PBX hacked with plenty of foreign numbers outbound calls

FreePBX Security
1

Hello,

I am trying to understand, how someone could dial out to foreign numbers from our FreePBX.

The logfile has entries of kind of:

pbx.c: Executing [0037052871640@from-internal:1] Macro("Local/0037052871640@from-internal-00000052;2", "user-callerid,LIMIT,EXTERNAL,") in new stack

Dialing out from legit extensions normally would state the extension number in kind of
pbx.c: Executing [legit-number@from-internal:1] Macro("PJSIP/2098-00000000", "user-callerid,LIMIT,EXTERNAL,") in new stack

How may I find out, from where the attack came? Our PBX is externally reachable via UDP 5060 and nothing else.

Edit: The PBX is as well externally reachable on port 80 http because of letsencrypt.

2

You need to look back i the logs to find out what created the Local channel. It could be:

  • a Dial() issued by the real culprit channel;
  • a Queue() issued by the real culprit channel;
  • a (blind) transfer initiated by the real culprit;
  • an AGI script run from the real culprit channel;
  • AMI, through compromised port 5038 access;
  • a call file, from a completely compromised server.

In some of these cases the local channel will optimise out when the call is answered, leaving the culprit channel exposed.

Also, note that the current advice is to never expose port 5060, or any other commonly used SIP port, but rather change that to one you have chosen randomly, unless your ITSP doesn’t allow this, in which case you first change the ITSP.

1 Like
3

Thanks for your quick response. For which patterns do I have to look in the logs? Is it the “Spawn extension” part?

4

Anything referring to a Local channel, and what precedes it.

5

Found something like this:

[C-00000026] pbx.c: Executing [s@macro-dialout-trunk:24] AGI("Local/0015442037694207@from-internal-00000025;2", "agi://127.0.0.1/sangomacrm.agi") in new stack

[C-00000026] res_agi.c: <Local/0015442037694207@from-internal-00000025;2>AGI Script agi://127.0.0.1/sangomacrm.agi completed, returning 0

Seems like I have to work through documentation whether our PBX need those AGI functions or not. Is it possible to block that external requests via firewall rules?

6

Please post the output of:

grep C-00000026 /var/log/asterisk/full* | pastebin

Source: https://wiki.freepbx.org/display/SUP/Providing+Great+Debug#ProvidingGreatDebug-AsteriskLogs-PartII

7
8

I have updated our PBX this morning. The restapps version was 15.0.19.88. I think there is no further research necessary.
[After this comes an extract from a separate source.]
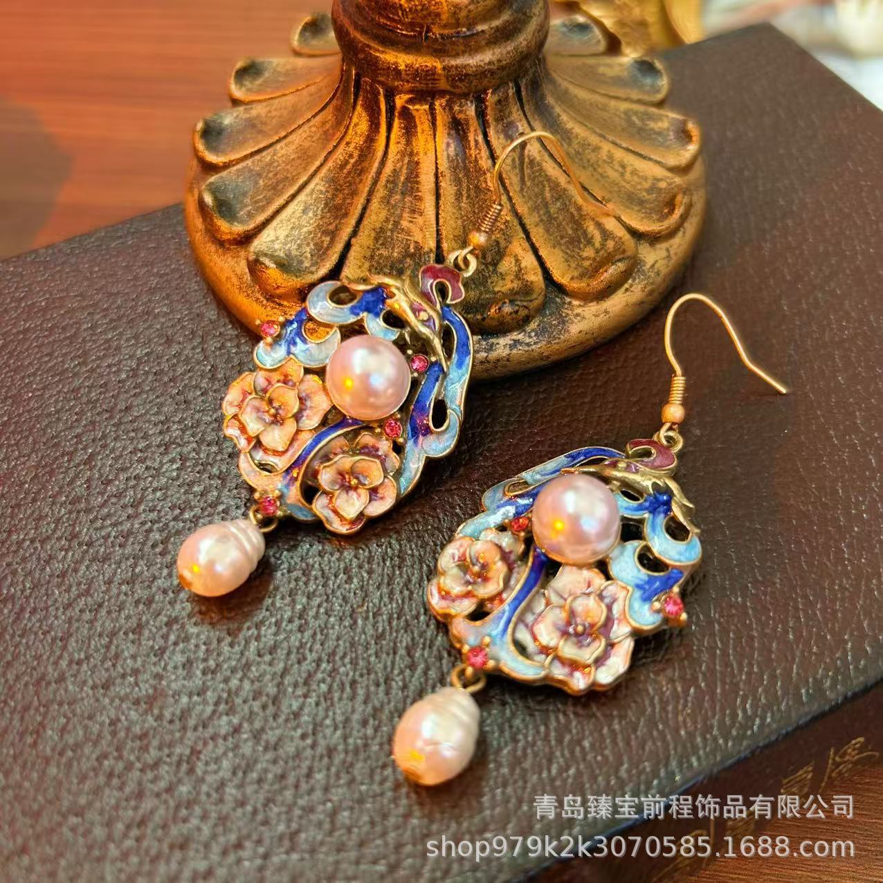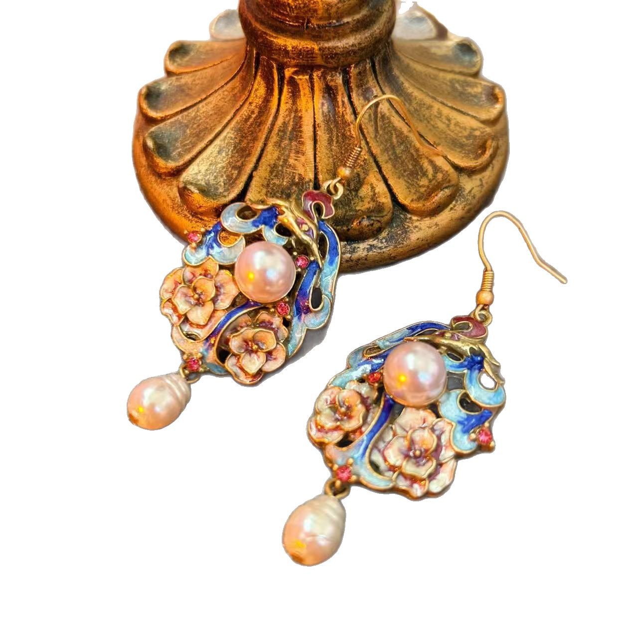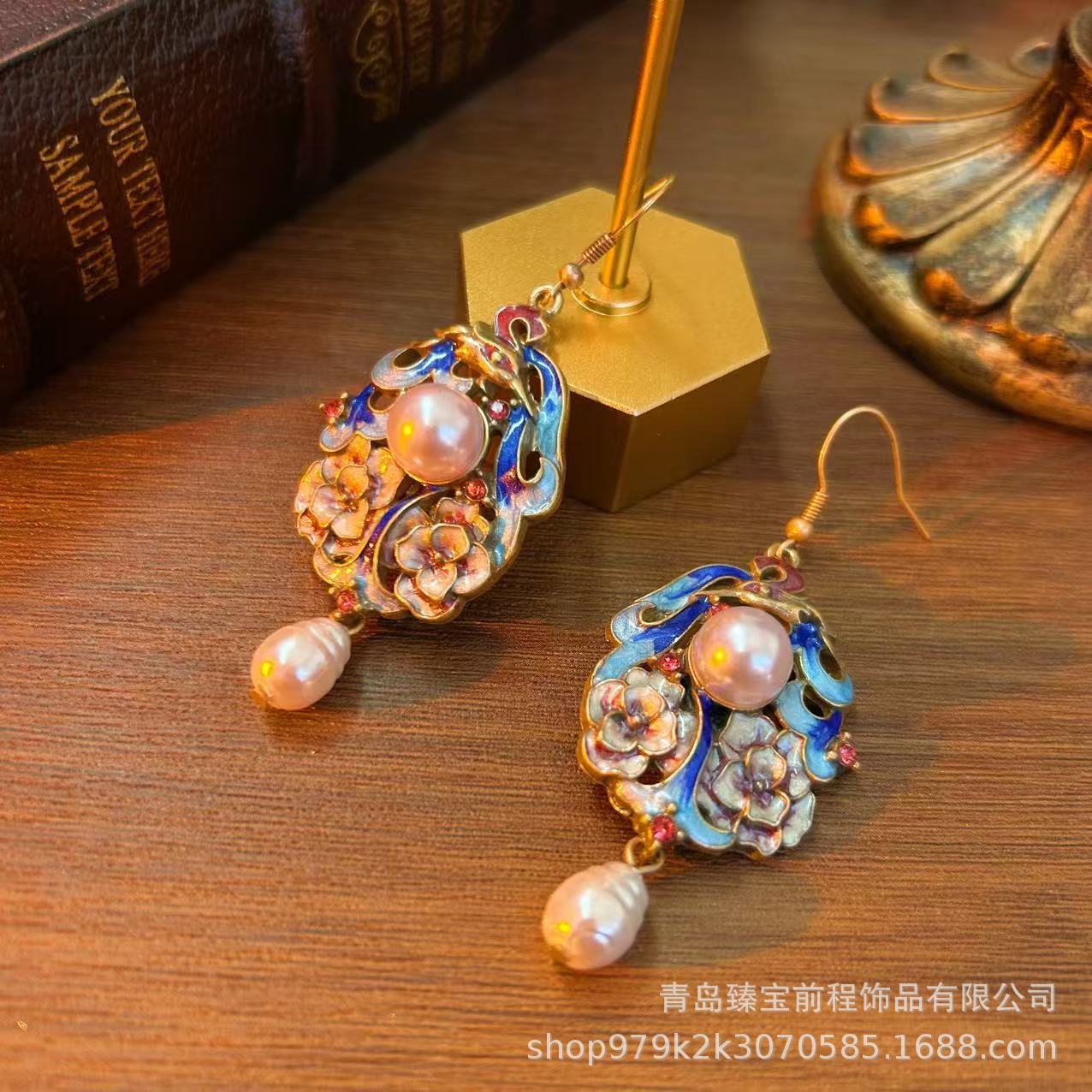 Cloisonne Flower Embellished Earrings, Retro Ethnic Style Earrings, Elegant Female Pearl Earrings, National Style, New Chinoiserie Classical

I have secured outbound calls to foreign numbers with a PIN as well and will reconsider if it is actually necessary that our PBX is publicly reachable.

Thanks a lot for the quick help and responses!

9

I personally think that you should destroy that PBX and restore from the last good backup.

Your entire server may be compromised

3 Likes
10

Ok, seems like the best idea then. Thanks for your advice.

11

+1 for this.

After a compromise, the ONLY proper solution is to nuke-and-pave.

2 Likes
12

Had exactly the same issue. Luckily our provider blocked the calls so no costs incurred :sweat_smile:

Nuke & restore from latest Backup was also our course of action. Then we upgraded all Modules to the latest version before allowing Access from the Internet again. Also enabled the Responsive Firewall to only allow HTTP Access after SIP is connected :crossed_fingers:

13

This topic was automatically closed 7 days after the last reply. New replies are no longer allowed.